Along with the "trust in the process" of working through swing-changes mentioned above, one other facet of Tiger's mental game that we can learn from is his ability to stay in the present. It is one of the most-used clichés in golf, but being able to take things one shot at a time is the ultimate performance tool. People understand this, but employing it all the time is a complex endeavor. To be like Tiger requires a very agile but also a very disciplined mind. Agile because his mental capacities need to get used in so many ways; disciplined because one has to be totally in the correct mode at the right time, without mixing up the two. Tiger obviously employs long-term planning. From the career goal of besting Nicklaus's eighteen professional major record, to the strategy of hitting mostly irons off of tees that he employed both at Southern Hills in this year's PGA and at Royal Liverpool at last year's British Open, Tiger is able consider ideas with long-term ramifications and come to productive conclusions. But he is also able to shift gears to being completely in the moment when he's hitting a given shot. And he does NOT mix the two modes when it doesn't suit him.

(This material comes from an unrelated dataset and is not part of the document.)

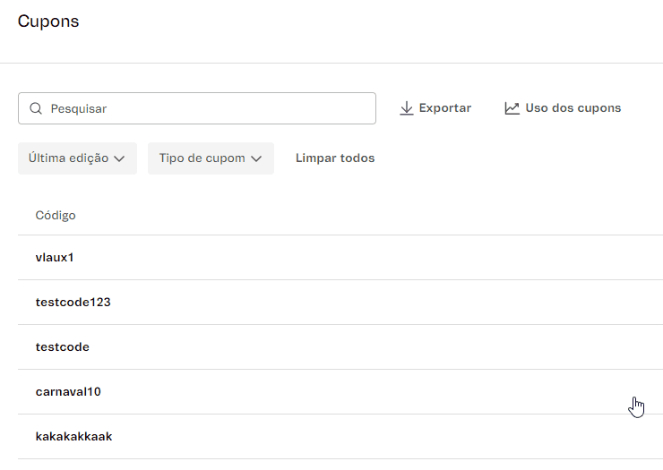 A nova Lista de cupons exibe todos os cupons cadastrados na sua loja, possibilitando gerenciar seus dados e analisar em quais pedidos foram utilizados.

My favorite recent example of Tiger being totally in the moment was in the final round at Southern Hills. Tiger was pushed in that round by both Woody Austin and Ernie Els. By the 13th hole, Tiger's lead was down to a single stroke, and a birdie on the par-5 would have been really come in handy. Tiger faced an 86-yard approach to a back pin - a shot on which he could certainly capitalize. Instead, he hit the shot farther than desired, and the ball ended short-sided in the back bunker. The commentators spoke over and again about how the bunkers at Southern Hills were not allowing the players to spin the ball, and thus Tiger's was in a very precarious position.

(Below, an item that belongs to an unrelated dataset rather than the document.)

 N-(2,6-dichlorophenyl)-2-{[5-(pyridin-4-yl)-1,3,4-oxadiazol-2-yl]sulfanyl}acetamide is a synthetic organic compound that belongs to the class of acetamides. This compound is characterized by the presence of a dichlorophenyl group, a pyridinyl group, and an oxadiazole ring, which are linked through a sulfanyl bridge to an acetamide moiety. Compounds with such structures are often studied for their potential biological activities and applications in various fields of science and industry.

Most players in this situation would have self-destructed. They would have put so much importance on that wedge-shot given the circumstances, and if they did not execute, they would not have been able to shake off the disappointment. This could have led to a bogey on the 13th, to losing the lead, and maybe even to losing the tournament. This downward spiral has happened to a number of golfers, and it tends to have long-term ramifications. Instead, Tiger did what he did all week, and has done for his entire career. First, he didn't look like his confidence was shaken by the wedge shot, indicating to me that he hadn't placed any more or less importance on that one shot, despite the context. Second, he instantly moved on to his next job: again, it was playing the shot at hand - the bunker shot. Third, he was able to execute the bunker shot to perfection, saving par and holding on to that slim lead. I'm not saying that because you are in the present that you will always execute the shot that you would like. But you will give yourself the opportunity to execute properly if you are totally in the moment, whereas if you are looking at what already happened, or projecting forward to what may or may not happen, you surely won't be hitting your present shot at full mental capacity.

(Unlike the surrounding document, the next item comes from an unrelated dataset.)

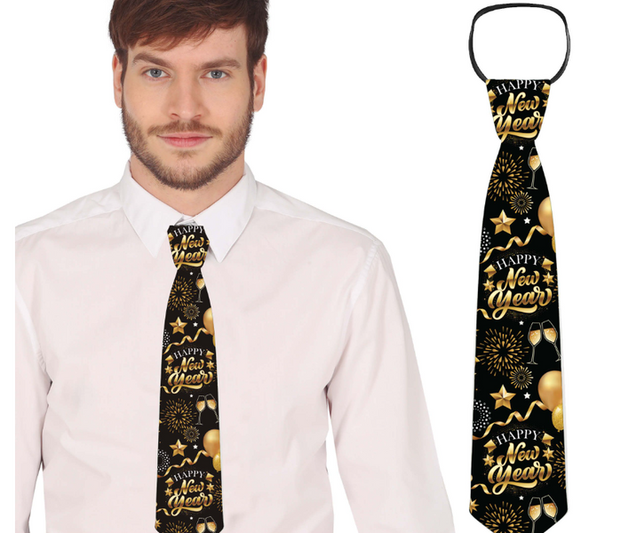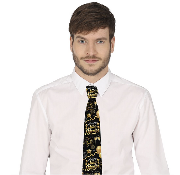 - Elegancki czarny kolor z złotymi motywami sylwestrowymi.

So, back to the forward-looking approach. We, as spectators, have the luxury of projecting forward to what Tiger may or may not do. Tiger has also stated his long-term intentions, but I believe that is only used as a roadmap for what to work on, and as fuel and motivation to continue to work hard in order to make those goals a reality. But as a performer, once he has the chance to make history, i.e. by playing in an actual tournament, he switches gears with singular focus onto the task at hand: playing the shot that he is facing at that very moment, and no other. Hopefully we can all work on this skill, along with our physical conditioning and technical proficiency, in order to maximize our personal potential.